Don't know if this is an option for you or not on your PPC system.


----------



## andreast (Oct 15, 2013)

Well, the p5-520 is a POWER5 machine and a few weeks ago basic support went into -CURRENT, now part of the upcoming 10.0.
So if you want to try, fetch an ALHPA snapshot from 10.0 for powerpc64.
Most probably it will not work but the basic bits are there. We continue to make it work. But not on 9.x
Andreas


----------



## sossego (Oct 16, 2013)

Are you emailing the list with the same information you give here?


----------



## Simba7 (Oct 16, 2013)

I will try the latest 9.2-CURRENT and 10.0-BETA1.

I saved these 4 systems from being destroyed. I realized what they were and kept them minus the HDDs (security reasons). I went and grabbed some 146GB drives and installed them. The systems will boot Debian just fine, but I prefer FreeBSD.

If anyone wants to dev on one, I'd be glad to allow full access to one of them. I was quite impressed that the Power5+ 2.1GHz processor has 36MB of L3 Cache, unheard of on regular systems. They also have 4GB of memory each, which I plan on upgrading.


----------



## Simba7 (Jan 27, 2014)

*Re: Can not get IBM p5-520 to boot from 9.2-RELEASE*

k. I've tried to install FreeBSD 10.0-RELEASE and the problem still exists.

For some reason, there is not a single block device available and the only available device is NET0:. I can still get it to boot the latest Debian, so I'm really stumped on what the problem could be.
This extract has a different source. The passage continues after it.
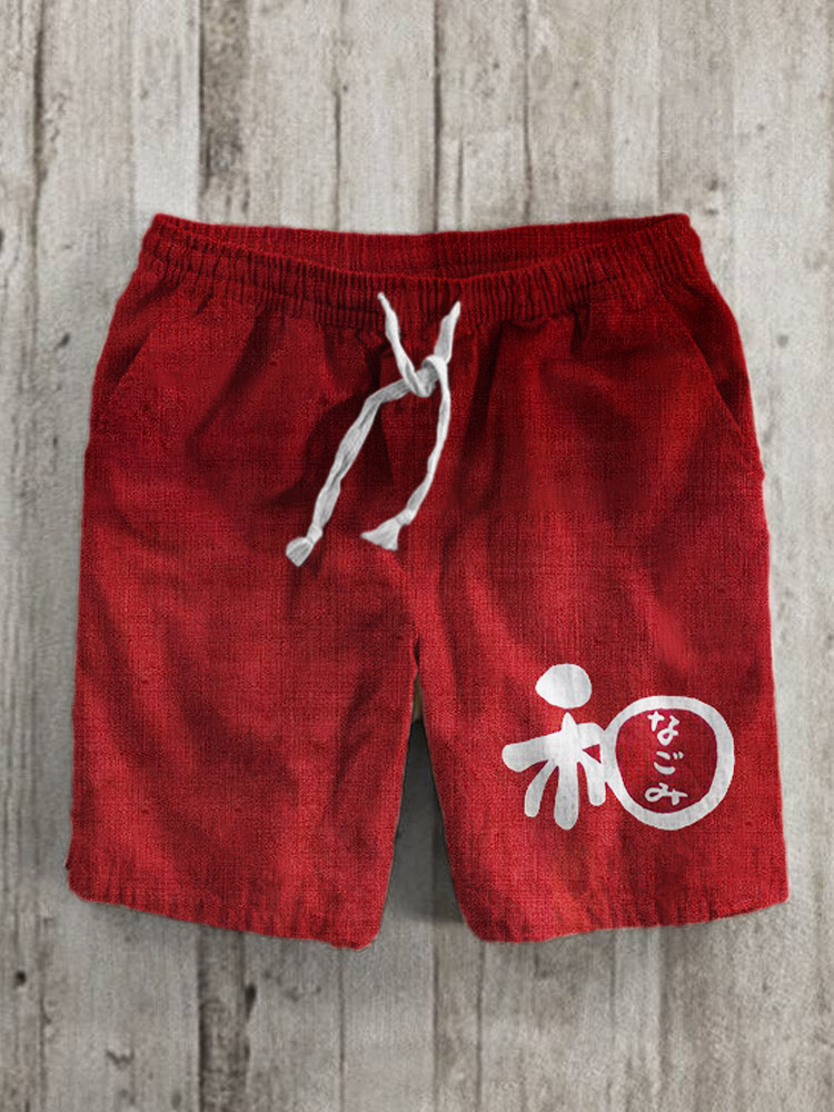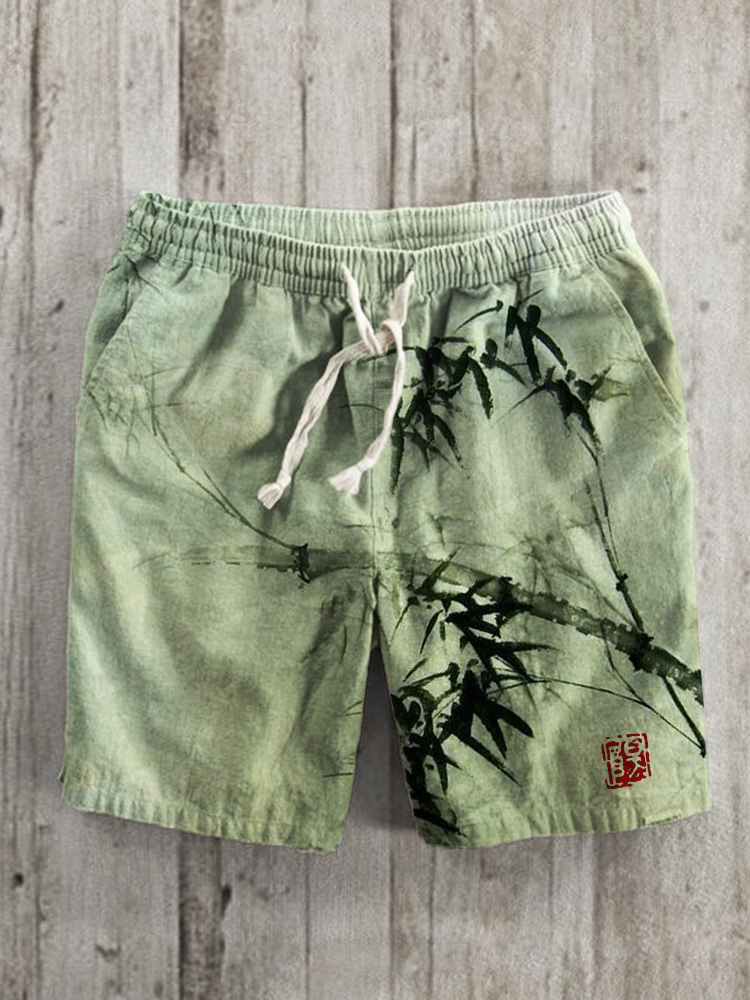 Bamboo Japanese Art Contrast Linen Blend Shorts

I really hope I don't have to run Linux on these systems, but I just might have to.


----------



## sossego (Jan 29, 2014)

Again, try talking to the mailing list.
There is a lot more going on with FreeBSD than most people are aware of. 
Depending on where, what, who, and other factors, you may be able to exchange ideas in person. I have done this with a few people from different colleges and universities.


----------